While some machine learning models are easily interpretable by nature, like the simple decision tree, the best perfoming ones are usually harder to fathom for a human being. Indeed, the winning solutions on the leading machine learning competitions website Kaggle always involve ensemble (e.g. gradient boosting model, random forest, ...) and deep learning models. Those two families of models produce predictions that are hard to interpret for humans. More generally, in most machine learning modelling situations there is a tradeoff between interpretability and performance.

A method named SHAP has made a lot of noise since its publication in 2017. At the time LIME was the rockstar of model interpretation methods. While the LIME original paper is fairly easy to understand and well presented by some blog articles, I haven't found a "SHAP for dummies" blog article with toy examples that explains this complex research paper simply. Thus I've rolled up my sleeves, studied the article, and I'll try to share the essence of it with simple explanations in this article.
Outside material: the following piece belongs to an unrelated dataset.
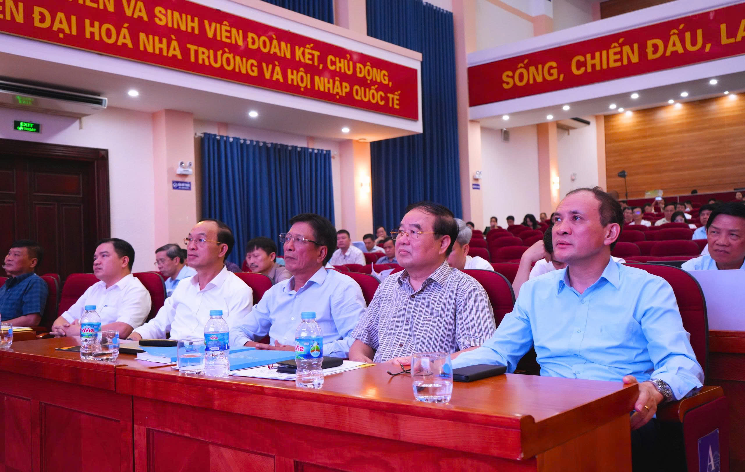 GS.TS Nguyễn Trung Việt – Hiệu trưởng trưởng Đại học Thủy lợi – thành viên Hội đồng Giáo sư cơ sở – ủy viên Hội đồng Giáo sư ngành Thủy lợi (ngoài cùng bên phải), GS.TS Trịnh Minh Thụ – Chủ tịch hội đồng Giáo sư ngành Thủy lợi năm 2025, nguyên Hiệu trưởng trưởng Đại học Thủy lợi (thứ tư từ bên phải sang) dự Hội nghị.

Why do we need another interpretation method?¶

Let's use a motivating example for the remainder of this article. Imagine you own a motorbike rental shop and try to understand the influence of advertising on your number of daily rentals. Your goal is to pay for ads only when it has an important leverage. You carefully keep track of the target variable (number of rentals) and three binary predictors: whether you paid to display your ad, if it was a weekday, and whether it was raining this day or not. Here is the dataset you've collected after a while:

Rentals	Ad?	Weekday?	Rain?
10	1	1	1
8	0	1	0
20	1	0	0
12	0	1	0
...	...	...	...

You've trained a fairly accurate machine learning model that predicts the number of rentals based on your three variables.
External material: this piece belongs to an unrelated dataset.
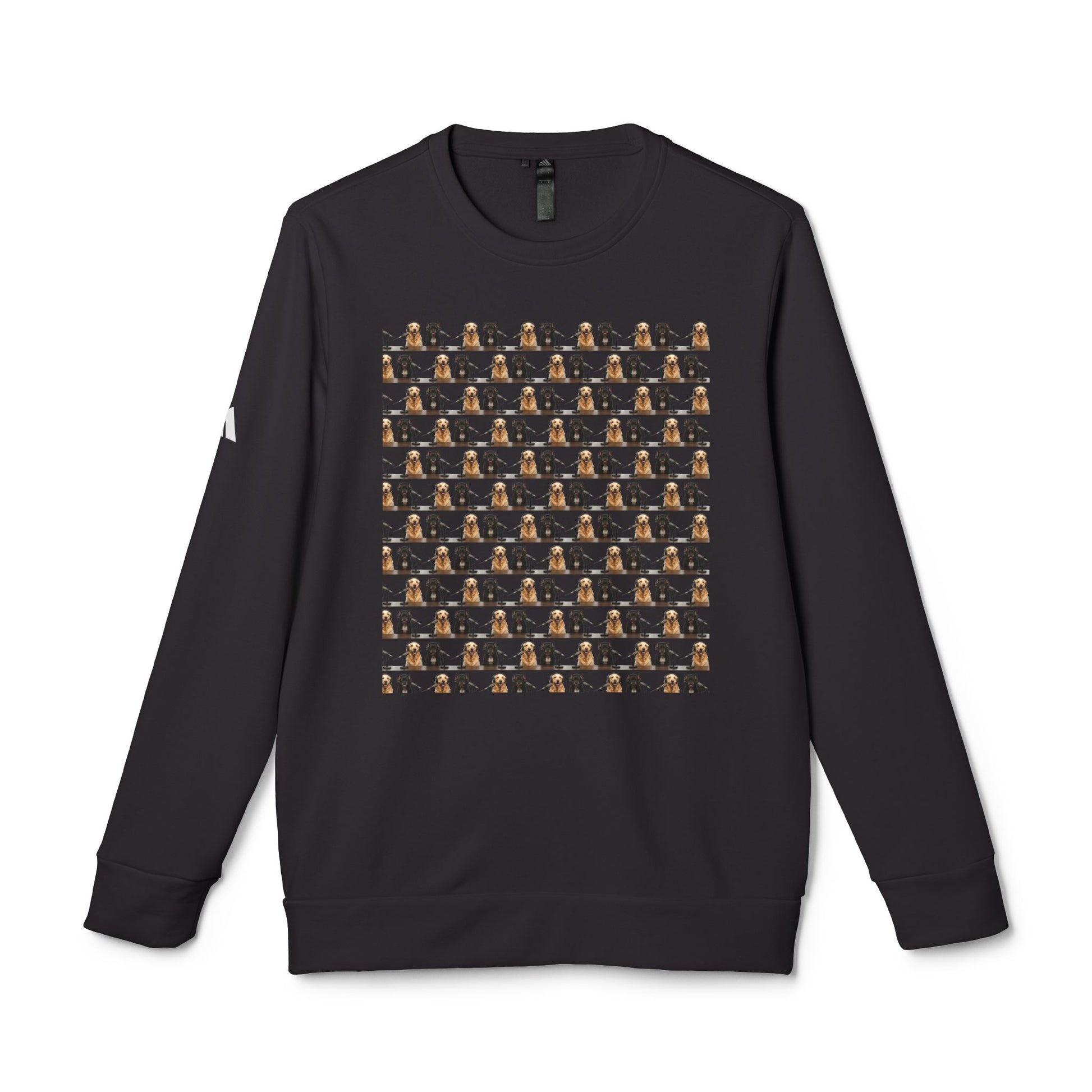 The front features a repeating photo-grid artwork for a playful, graphic look, while the back showcases Goldie & Frenchie at the mic — a bold nod to the podcast, finished with a subtle DogPack logo above and a caption bar below. Printed using Direct-to-Film technology, the artwork stays crisp and durable through regular wear. A contrast adidas logo on the sleeve and sewn-in labels add authentic athletic styling without overpowering the design.

How to know how effective was the ad on a specific day?

Naive approach (and why it is bad)¶

If you want to understand the impact of adverstisement for your first example, you may simply compare the number of rentals predicted by your model with and without advertisement, i.e. compute the importance $\phi_a$ of the advertisement variable $a$ using the following formula:

$\phi_a = f \left(x_a=1, x_w=1, x_r=1\right) - f \left(x_a=0, x_w=1, x_r=1\right),$

where $f$ is your machine learning model, and $x_a$ , $x_w$ , and $x_r$ are the "Ad?", "Weekday?", and "Rain?" variables respectively.
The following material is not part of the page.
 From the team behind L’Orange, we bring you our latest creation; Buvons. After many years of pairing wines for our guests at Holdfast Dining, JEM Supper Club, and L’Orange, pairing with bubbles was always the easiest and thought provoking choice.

There are several problems with this approach:

Unrealistic datapoint: The virtual datapoint that we use to compare our prediction $\left(x_a=0, x_w=1, x_r=1\right)$ might not be realistic regarding the data generation process. In that case the model knows nothing about those datapoints and the prediction can be completely random. Note that SHAP - and most approaches in interpretable ML - do not completely solve this problem.
No importance distribution between correlated variables: This naive approach is bad at distributing importance among features when there are correlations. For instance if we add a "Schoolday" variable that is perfectly correlated with weekday (if we ignore holidays), the machine learning model might use only one of those two variable for its prediction. Still, we want to distribute the importance equally between those two correlated features!
Not theoretically grounded: There are several more desirable properties of explanation methods that are broken by this approach, as we'll see in the rest of this article.

If you know about ML interpretation you might want to use LIME, but the SHAP articles shows that the LIME method also breaks two interpretation methods desirable properties: consistency and local accuracy.

A natural and general explanation framework: feature attribution¶

SHAP, LIME, and many others belong to the family of local interpretation methods. Those methods approximate a complex ML model $f$ with a simpler one $g$ that produces similar results around the data points for which we want to explain the model prediction.

Local explanation methods also introduce the concept of simplified inputs (denoted with a prime) that ease interpretation: typically, simplified inputs are binary variables corresponding to the presence of features, words or pixels. Those simplified inputs can be (locally) mapped back to original inputs through a mapping function $h_x$ . An example might help here: consider a sentiment analysis model that only predicts a 50 % probability for the sentence "I am happy" to correspond to positive sentiment. You have to understand why the probability is not larger.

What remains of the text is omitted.